Sulzbacher Center
- Organization logo
- Formation: 1995
- Type: NGO
- Legal status: Foundation
- Purpose: Humanitarianism
- Headquarters: Jacksonville, Florida
- Region served: Duval County, Florida
- President/CEO: Cindy Funkhouser
- Main organ: Board of Directors
- Budget: US$5.45 million (2009)
- Website: www.sulzbacherjax.org

= Sulzbacher Center =

Non-profit organization in Florida, US

The Sulzbacher Center is the only comprehensive homeless facility in Jacksonville, Florida, where the average stay is two months. A case manager works with every client to develop a plan to transition back into the community.

==Roots==
I.M. Sulzbacher was a successful insurance broker and civic leader who entered politics during the Jacksonville Consolidation era and was elected to the Jacksonville City Council in 1968. Out of his concern for the homeless, he helped raise awareness about the problem, and convinced his fellow council members of the need for the city to help. With the support of city administrator Lex Hester, the construction of a homeless facility on city land was included in the 1993 River City Renaissance plan. The Sulzbacher Center signed a 25-year lease of the property in 1995. I. M. Sulzbacher served as a center board member who led fundraising efforts and donated his own money and time. He died on June 5, 2001, but the center became a lasting tribute to his name.

After Hester's sudden death at age 64, the Lex Hester Family Dining Room was dedicated in his memory on May 14, 2001. Linda Lanier, executive director of the center stated that Hester had, "quietly—behind the scenes as usual—made sure the homeless center was part of the River City Renaissance plan, and also that long-range funding for the center was in place. ... [The] appropriate thing to do was to name the room in honor of the man who so richly deserves it."

==Funding==
In 1998, 22% of the center's $2.2 million budget came from city and federal funds. The remaining $1.7 million came from United Way, private individuals, corporate donations and grants from foundations. The budget had grown to $5.5 million in 2009, with government providing just 11% of the total.

==Services==
The Sulzbacher Center addresses nearly all the needs of the homeless.

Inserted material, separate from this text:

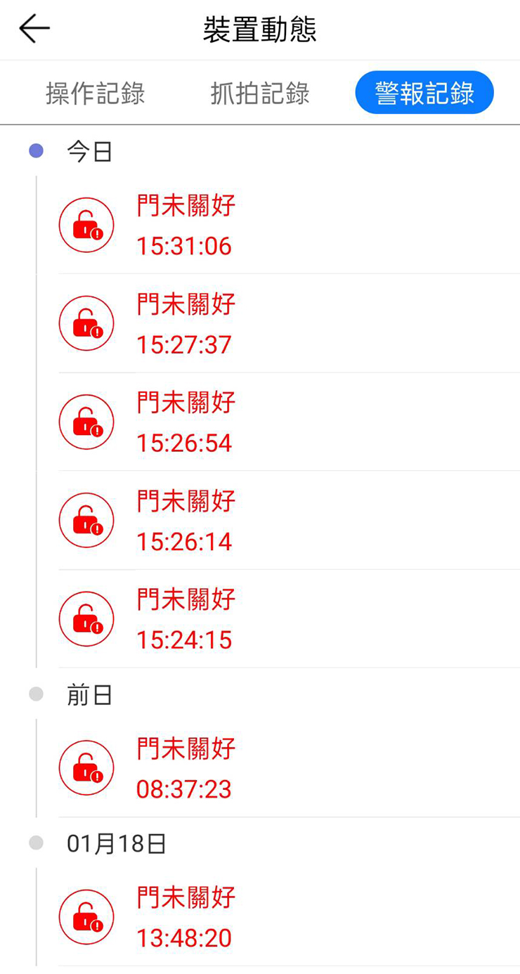 APP上可察看清楚的進出門紀錄,還有電子式兒童安全鎖設計,防止孩童、寵物誤觸解鎖闖出,像我們鄰居的貓就擅自開門出來逛大街很多次了,這功能絕對需要!另外還可以遠距離視訊、設定臨時密碼、保全、反鎖等功能,出門旅行多天不在家也很放心!

- Shelter – Dormitory style rooms are available for families with children, in order to keep the family together. Beds for individuals are provided in a barracks type arrangement.
- Health – Each person receives a comprehensive health assessment including medical, dental, vision and mental areas, then treatment is arranged for any problems found.
- Hunger – Three nutritious meals are provided every day of the year for all residents and for anyone else who shows up at mealtime. Many religious, civic and community organizations become Volunteer Meal Groups, who provide half of the meals served at the center. These groups take turns providing a meal on a certain date.
- Children – A separate children's building has computers, books and toys for recreation, as well as programs that feature tutoring, arts and crafts, music and scouting.
- Employment – Job placement is handled by Goodwill Industries, which provides coaching in job application and interviewing, assistance with transportation and appropriate shoes and clothing, and life skills, if needed.
- Housing – Placement in affordable, adequate housing is essential for re-integration into the community. Sulzbacher center has operated a few HUD-funded, scattered-site housing programs targeted to specific groups since 2001.